▶ SOURCE DATA
------------

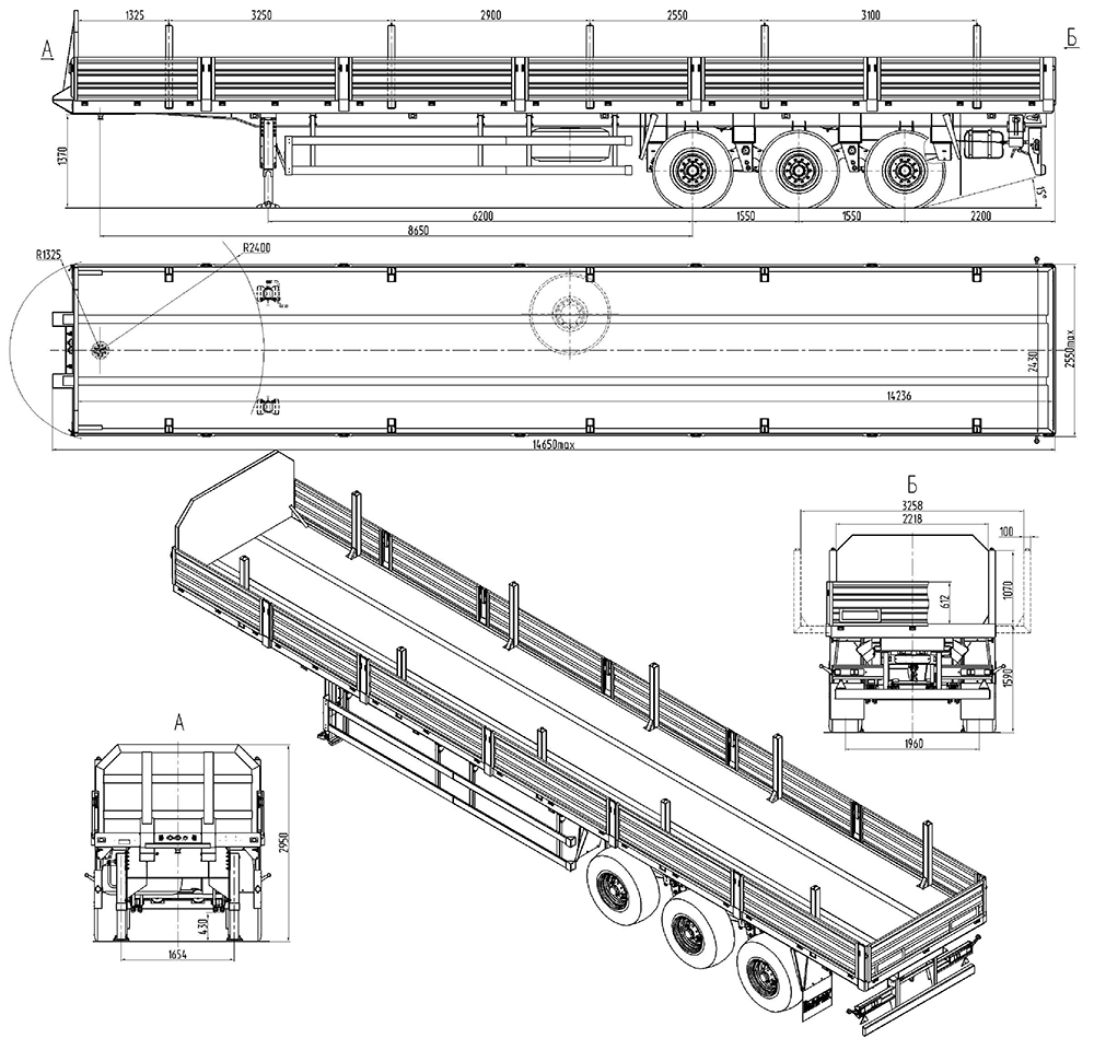 25000 кг, облегченная конструкция (нагрузка на каждую ось полуприцепа и седельного тягача - не более 7400 кг), рама - с запасом прочности до 30000 , оси и подвеска - с запасом прочности до 35000 кг, шины 425/85R21 или 385/65R22,5 / 6+1, длина платформы 12260 мм, высота ССУ 1430 мм, пневматическая подвеска BPW или HJ, 3 оси, съемные борта 620 мм, раздвижные коники 1500 мм, усиленный передний щит, опции: задний усиленный щит, Ш-образные коники для НКТ трубы, буровых штанг, обрезинивание коников
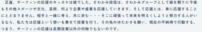 サーフィンへの応援もさわかみ投信の理念である「長期投資」だそう。
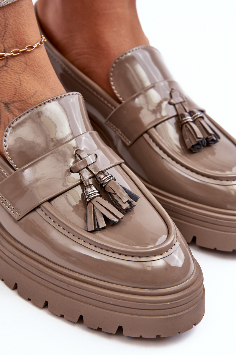 Módne dámske topánky vyrobené z ekologickej kože. Zasmievané v plochej päte a hustej podrážke. Zaoblené prsty na nohách. Predný popruh je zdobený strapcami. Päta je stuhnutá. Mäkká ekologická kožená vložka poskytne pohodlie počas používania. Tento model doplní každú štylizáciu - tak šaty aj džínsy! Pri výbere veľkosti navrhnite tabuľku veľkosti. /p>

------------

▶ EXERCISE
The whole of the data above needs retyping exactly, with pictures omitted.

▶ ANSWER TO THIS EXERCISE
 25000 кг, облегченная конструкция (нагрузка на каждую ось полуприцепа и седельного тягача - не более 7400 кг), рама - с запасом прочности до 30000 , оси и подвеска - с запасом прочности до 35000 кг, шины 425/85R21 или 385/65R22,5 / 6+1, длина платформы 12260 мм, высота ССУ 1430 мм, пневматическая подвеска BPW или HJ, 3 оси, съемные борта 620 мм, раздвижные коники 1500 мм, усиленный передний щит, опции: задний усиленный щит, Ш-образные коники для НКТ трубы, буровых штанг, обрезинивание коников
 サーフィンへの応援もさわかみ投信の理念である「長期投資」だそう。
 Módne dámske topánky vyrobené z ekologickej kože. Zasmievané v plochej päte a hustej podrážke. Zaoblené prsty na nohách. Predný popruh je zdobený strapcami. Päta je stuhnutá. Mäkká ekologická kožená vložka poskytne pohodlie počas používania. Tento model doplní každú štylizáciu - tak šaty aj džínsy! Pri výbere veľkosti navrhnite tabuľku veľkosti. /p>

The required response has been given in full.